#### TASK GOAL:
Copy all the entries word for word, but omit the pictures.
▬▬▬▬▬▬
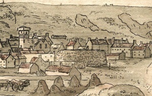 An impression of St Helier in the 16th century. Unless a large number of these buildings were demolished and the town's layout subsequently changed dramatically, it is unlikely that it actually looked anything like this
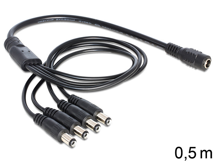Ez a Delock DC elosztókábel négy alacsony feszültségigényű, DC csatlakozóval ellátott eszköz (pl. kamera, vagy LED világítósor) tápforráshoz való csatlakoztatására alkalmas. Specifikáció o Csatlakozó: 1 x DC 5.5 x 2.1 mm anya 4 x DC 5.5 x 2.1 mm apa o Maximális tápbemenet: 5 A o Maximális feszültség a kimeneten: 24 V o Kábelméret a bemeneten (DC anya): AWG 20 o Kábelméret a kimeneten (DC apa): AWG 24 o nikkelezett csatlakozók o Kábel hossza a csatlakozóval együtt: kb. 50 cm Rendszerkövetelmények o Tápforrás DC 5.5 x 2.1 mm apával A csomag tartalma o DC elosztókábel Csomagolás o Műanyag tasak Gyártó: Delock Szélesség cm: 15 Hosszúság cm: 20,5 Magasság cm: 1,5
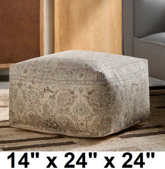 Surya Kalina Pouf - 14" x 24" x 24" - Beige (Model: KLPF-001)
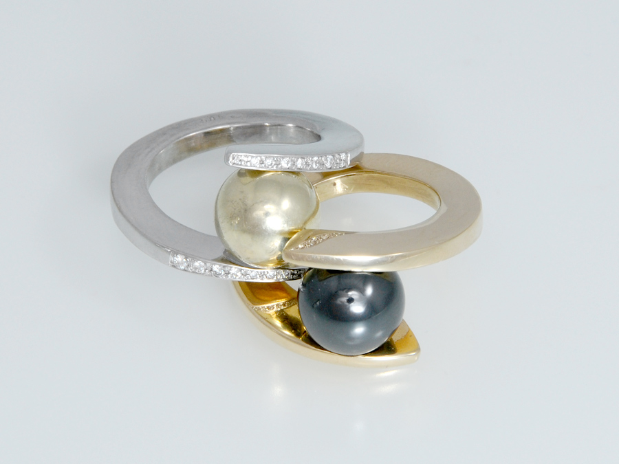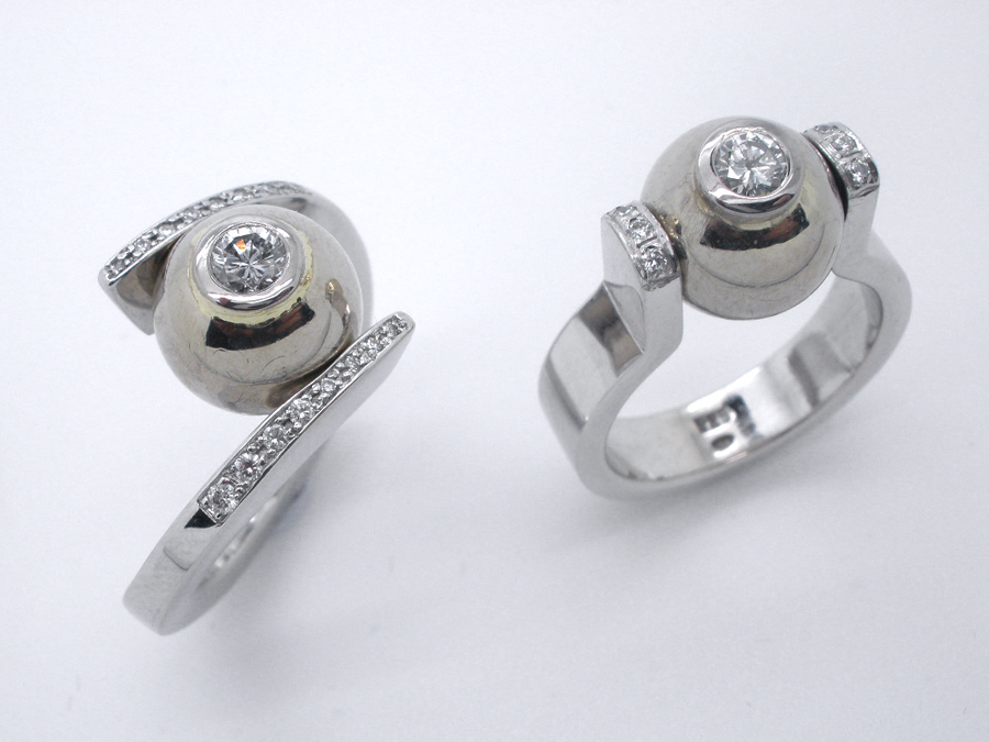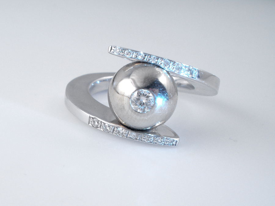 Kugelring schmal, Weißgold 585 Brillanten Wesselton Si 0,14ct u. 0,16ct
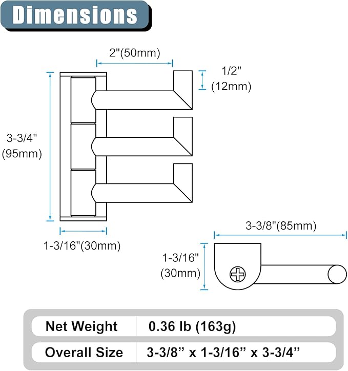 - FUNCTIONAL ASSISTANT: using length of the horizontal holding portion is 2 3/8"(60mm) for wider objects, simple curves outline modern cylindrical structure to complement different home styles
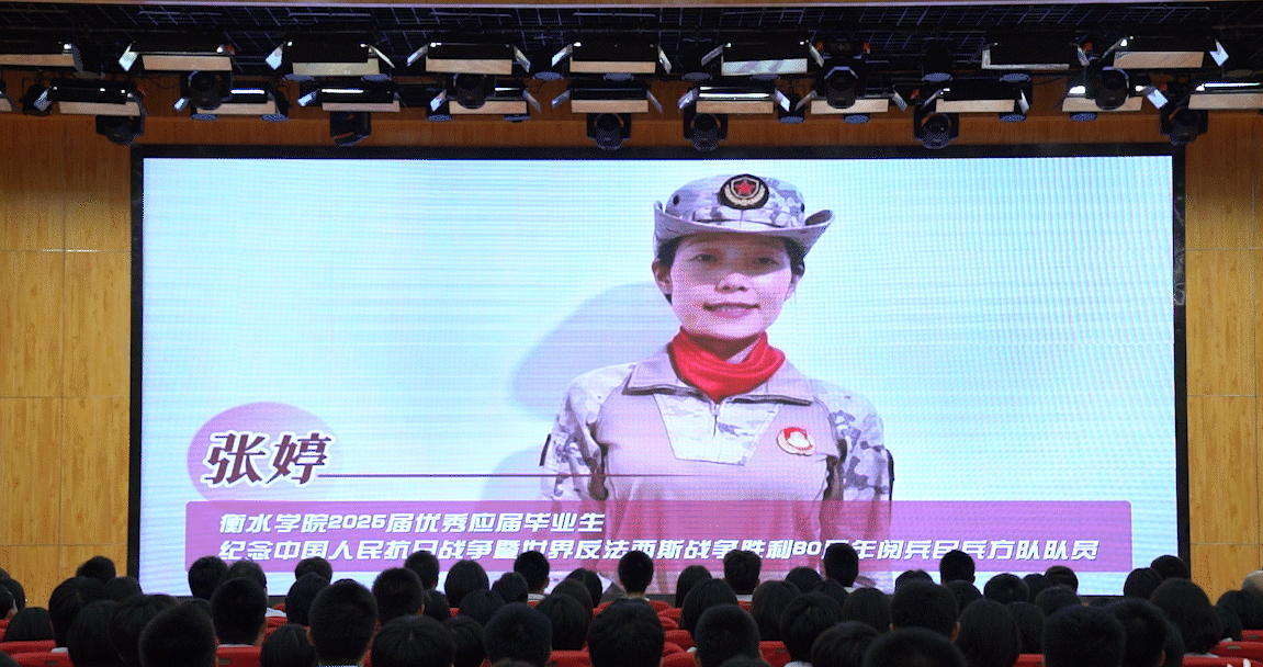 現(xiàn)場(chǎng)兩段特別視頻的呈現(xiàn),更為宣講活動(dòng)注入了深沉的情感力量。紀(jì)念中國(guó)人民抗日戰(zhàn)爭(zhēng)暨世界反法西斯戰(zhàn)爭(zhēng)勝利80周年閱兵民兵方隊(duì)隊(duì)員、衡水學(xué)院2025屆優(yōu)秀畢業(yè)生張婷,通過(guò)視頻與師生們分享了她與戰(zhàn)友一同英姿颯爽走過(guò)天安門廣場(chǎng)、接受黨和人民檢閱的光榮經(jīng)歷,展現(xiàn)了新時(shí)代青年傳承紅色基因、賡續(xù)精神血脈的堅(jiān)定信念與昂揚(yáng)風(fēng)采。另一段視頻的主人公是來(lái)自故城縣的百歲老兵李林昌,他15歲參軍,1942年加入冀中九分區(qū)敵后武工隊(duì),更是長(zhǎng)篇小說(shuō)《敵后武工隊(duì)》中“小李子”的人物原型。戰(zhàn)爭(zhēng)年代,他身經(jīng)百戰(zhàn)、三次“犧牲”又奇跡生還,歷經(jīng)九死一生。視頻中,這位百歲老兵精神矍鑠、語(yǔ)重心長(zhǎng),他的殷殷囑托,深深叩擊著在場(chǎng)每一位聽(tīng)眾的心靈。
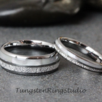 An amazing combination of Natural Mother of Pearl and Imitated Meteorite creates the desired wedding ring, an anniversary ring for couples. The mother of pearl and Meteorite inlaid over the groove of the tungsten setting, and finally covered with our protective armor layer that shields it from water, dirt, and grime in order to protect the inlay inside. The rings look great for every day or on your occasions.
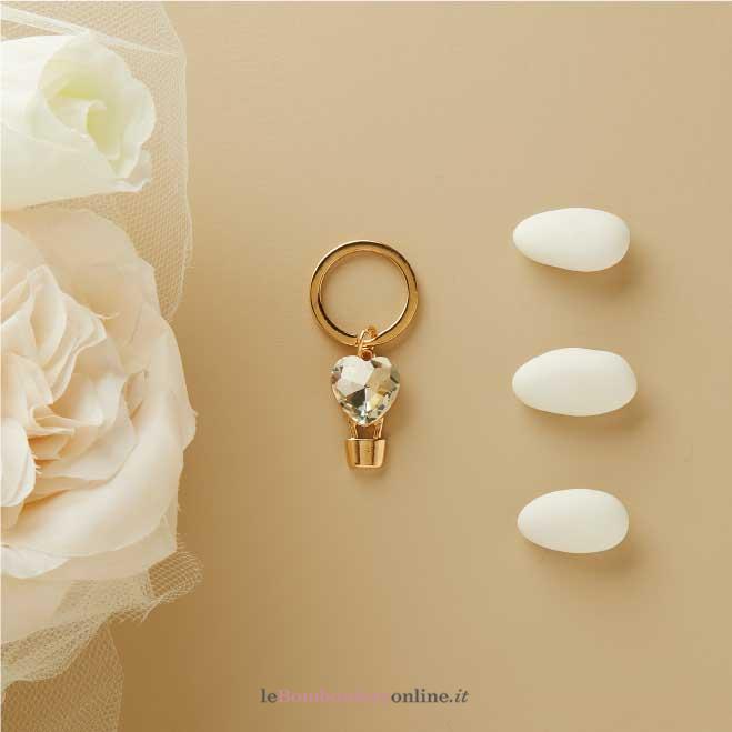 Portachiavi mongolfiera in acciaio oro con cuore, anello Ø 2.5 cm – L. 5.5 cm, completo di confezione.
▬▬▬▬▬▬
#### EXPECTED ANSWER:
 An impression of St Helier in the 16th century. Unless a large number of these buildings were demolished and the town's layout subsequently changed dramatically, it is unlikely that it actually looked anything like this
Ez a Delock DC elosztókábel négy alacsony feszültségigényű, DC csatlakozóval ellátott eszköz (pl. kamera, vagy LED világítósor) tápforráshoz való csatlakoztatására alkalmas. Specifikáció o Csatlakozó: 1 x DC 5.5 x 2.1 mm anya 4 x DC 5.5 x 2.1 mm apa o Maximális tápbemenet: 5 A o Maximális feszültség a kimeneten: 24 V o Kábelméret a bemeneten (DC anya): AWG 20 o Kábelméret a kimeneten (DC apa): AWG 24 o nikkelezett csatlakozók o Kábel hossza a csatlakozóval együtt: kb. 50 cm Rendszerkövetelmények o Tápforrás DC 5.5 x 2.1 mm apával A csomag tartalma o DC elosztókábel Csomagolás o Műanyag tasak Gyártó: Delock Szélesség cm: 15 Hosszúság cm: 20,5 Magasság cm: 1,5
 Surya Kalina Pouf - 14" x 24" x 24" - Beige (Model: KLPF-001)
 Kugelring schmal, Weißgold 585 Brillanten Wesselton Si 0,14ct u. 0,16ct
 - FUNCTIONAL ASSISTANT: using length of the horizontal holding portion is 2 3/8"(60mm) for wider objects, simple curves outline modern cylindrical structure to complement different home styles
 現(xiàn)場(chǎng)兩段特別視頻的呈現(xiàn),更為宣講活動(dòng)注入了深沉的情感力量。紀(jì)念中國(guó)人民抗日戰(zhàn)爭(zhēng)暨世界反法西斯戰(zhàn)爭(zhēng)勝利80周年閱兵民兵方隊(duì)隊(duì)員、衡水學(xué)院2025屆優(yōu)秀畢業(yè)生張婷,通過(guò)視頻與師生們分享了她與戰(zhàn)友一同英姿颯爽走過(guò)天安門廣場(chǎng)、接受黨和人民檢閱的光榮經(jīng)歷,展現(xiàn)了新時(shí)代青年傳承紅色基因、賡續(xù)精神血脈的堅(jiān)定信念與昂揚(yáng)風(fēng)采。另一段視頻的主人公是來(lái)自故城縣的百歲老兵李林昌,他15歲參軍,1942年加入冀中九分區(qū)敵后武工隊(duì),更是長(zhǎng)篇小說(shuō)《敵后武工隊(duì)》中“小李子”的人物原型。戰(zhàn)爭(zhēng)年代,他身經(jīng)百戰(zhàn)、三次“犧牲”又奇跡生還,歷經(jīng)九死一生。視頻中,這位百歲老兵精神矍鑠、語(yǔ)重心長(zhǎng),他的殷殷囑托,深深叩擊著在場(chǎng)每一位聽(tīng)眾的心靈。
 An amazing combination of Natural Mother of Pearl and Imitated Meteorite creates the desired wedding ring, an anniversary ring for couples. The mother of pearl and Meteorite inlaid over the groove of the tungsten setting, and finally covered with our protective armor layer that shields it from water, dirt, and grime in order to protect the inlay inside. The rings look great for every day or on your occasions.
 Portachiavi mongolfiera in acciaio oro con cuore, anello Ø 2.5 cm – L. 5.5 cm, completo di confezione.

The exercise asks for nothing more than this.